Le taux d’utilisation de ces technologies varie cependant d’une catégorie socioprofessionnelle à une autre : en 2013, plus de 90 % des cadres sont ainsi connectés contre un peu plus de 10 % des ouvriers. Il existe également une grande hétérogénéité des usages selon que l’utilisateur est non connecté, mobile, sédentaire peu intensif, modéré ou intensif.
Les usages des technologies de l’information et de la communication étant associés à un contexte de travail spécifique, ils peuvent être corrélés au développement de l’autonomie au travail, d’un sentiment de satisfaction ou d’une relation de confiance entre l’entreprise et le salarié, ou, au contraire, à des conditions de travail dégradées et des facteurs de risques psychosociaux.
L’usage d’outils numériques permettant le travail mobile est fortement corrélé à une charge de travail et une charge mentale importantes, ainsi qu’à des situations fréquentes de débordement du travail sur la sphère privée. Ces conditions de travail exigeantes sont néanmoins contrebalancées par une plus grande autonomie et récompensées par un fort sentiment de reconnaissance professionnelle.
Malgré des postes en apparence plutôt routiniers et une pénibilité physique moindre que les autres utilisateurs d’outils numériques, les utilisateurs d’outils numériques connectés mais sédentaires déclarent avoir une charge de travail importante, et quand l’utilisation dépasse 7 heures par jour, relativement plus de pression au travail que les autres utilisateurs sédentaires. En dépit de marges de manœuvre relativement importantes, ces salariés ne bénéficient pas d’autant de reconnaissance que les utilisateurs d’outils mobiles.
Catégorie moins visible, les salariés équipés d’outils informatiques mais ne disposant pas de messagerie électronique ni d’accès à Internet cumulent contraintes physiques et travail intense, faibles marges de manœuvre et un soutien social faible. Face à un travail prescrit et normé, et malgré des cadences élevées, leur sentiment de pression au travail ou d’une charge de travail excessive est néanmoins plus faible que celui du reste des utilisateurs d’outils informatiques.

Les entretiens professionnels, un appui aux carrières internes ou à la sécurisation des parcours ? Céréq, Céreq Bref n°364, juin 2018

La diffusion des entretiens professionnels, rendus obligatoires par la loi de mars 2014, reste modeste.

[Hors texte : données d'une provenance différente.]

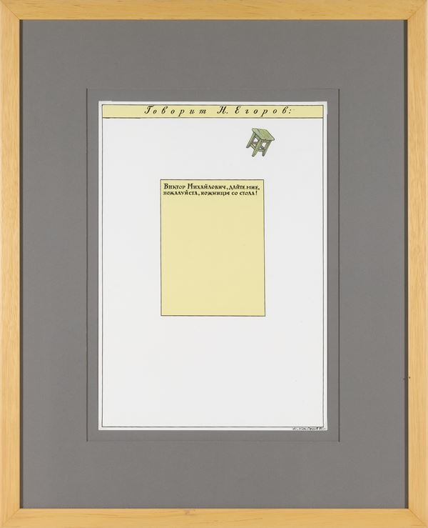 Zegt M. Egorov: “Viktor Mikhaïlowitsch, geef me eens de schaar van op de tafel a.u.b.” (Commentary drawing), 1991-92

Plus répandus dans les grandes entreprises, celles outillées sur le plan RH, formatrices et gérant la mobilité de leurs salariés, ils prennent souvent la suite d’entretiens annuels existants. Ils peuvent alors servir de cadre pour l’expression des souhaits - et parfois la mise en place d’actions - de formation et de carrière en interne.
En revanche, la question de l’évolution sur le marché du travail, qui relève des objectifs de la loi, est encore peu abordée.